This morning Dave died. Jim called at a little before 9am to let me know. He was heading home to take care of the details. Dave will be cremated and buried in his family plot. He didn’t want a service of any sort, but then we all know that the service or whatever happens next is never about the deceased, but for those left behind. Jim’s plan is to have a gathering soon, at a friend’s house for everyone to come together to share their memories of Dave. The thought is that everyone will bring a potted plant and when we leave we will take with us a different potted plant than the one we came with. Dave was all about plants. That was one of the things we bonded over. He gardened, loved roses and bleeding hearts and peonies (which I pronounce ‘PEEuhnee’ but he pronounced ‘peeOHnee’). He grew potatoes in a large bucket. He was born and raised in Massachusetts and pronounced the word potato ‘buhdayda’.
Two Christmases ago they came over to visit and he brought me a jade plant he grew from one of his own. I have in the last year given away at least two babies I grew from that plant, and will take one as my contribution and tribute to him. In my yard I have peonies that he gave me from his yard when we moved, as well as some bleeding hearts. I didn’t think the bleeding hearts survived, but this year they bloomed with gusto.

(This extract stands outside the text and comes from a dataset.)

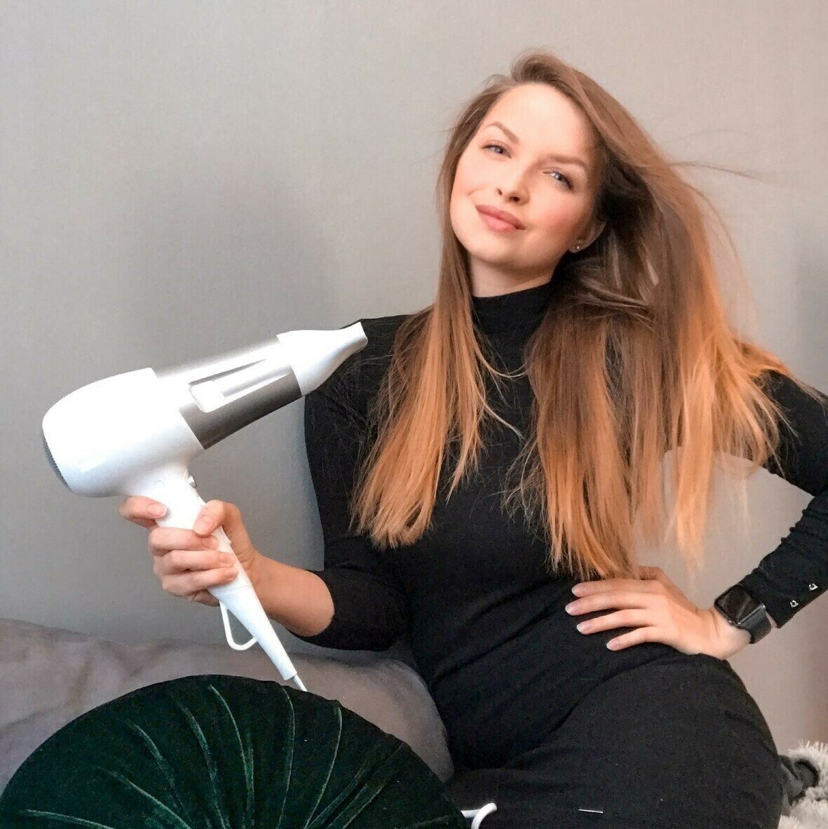 | Плюсы: | Мощный, хорошо укладывает, быстро сушит. |

I will miss Dave. Of the two of them he is the one I bonded the most with, the one I made contact with and made arrangements with. I don’t know how much Jim will maintain contact with me. I don’t know if he will stay in the area. If Jim had had his way, they would have moved to Arizona or New Mexico years ago. He is always cold, while Dave often could be found outside in just a t-shirt in October.
I am grateful for the time we had this week to say good bye, to let him know how much we loved him and would miss him.

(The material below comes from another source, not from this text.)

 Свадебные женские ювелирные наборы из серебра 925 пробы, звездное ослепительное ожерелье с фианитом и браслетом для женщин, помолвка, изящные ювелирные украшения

After I hung up the phone this morning, Bob hugged me, and then Cooper ran in doing whatever he was doing, wearing his footy pajamas and Bob the Builder belt that has a box on it that sings several things from the series, pressing the button regularly so that the theme song “Bob the Builder, can we fix it, Bob the Builder, yes we can” kept playing over and over, and being goofy and silly and suddenly I was incapable of staying sad. There is such a joyful life force that comes out of a 2 year old, one that shines regardless of the loss and grief that was just being experienced in the kitchen moments before. I decided a more appropriate way to celebrate Dave’s bigger than life personality was to enjoy Cooper’s enthusiastic goofiness and chase him back into the living room to color (I drew a turtle), rather than stand in the kitchen and cry. There will be opportunities to cry later, but for the moment I chose to bask in the bright joy that is Cooper and remember Dave in happier times.
Happy travels Dave. Go with God and we will be seeing you again someday.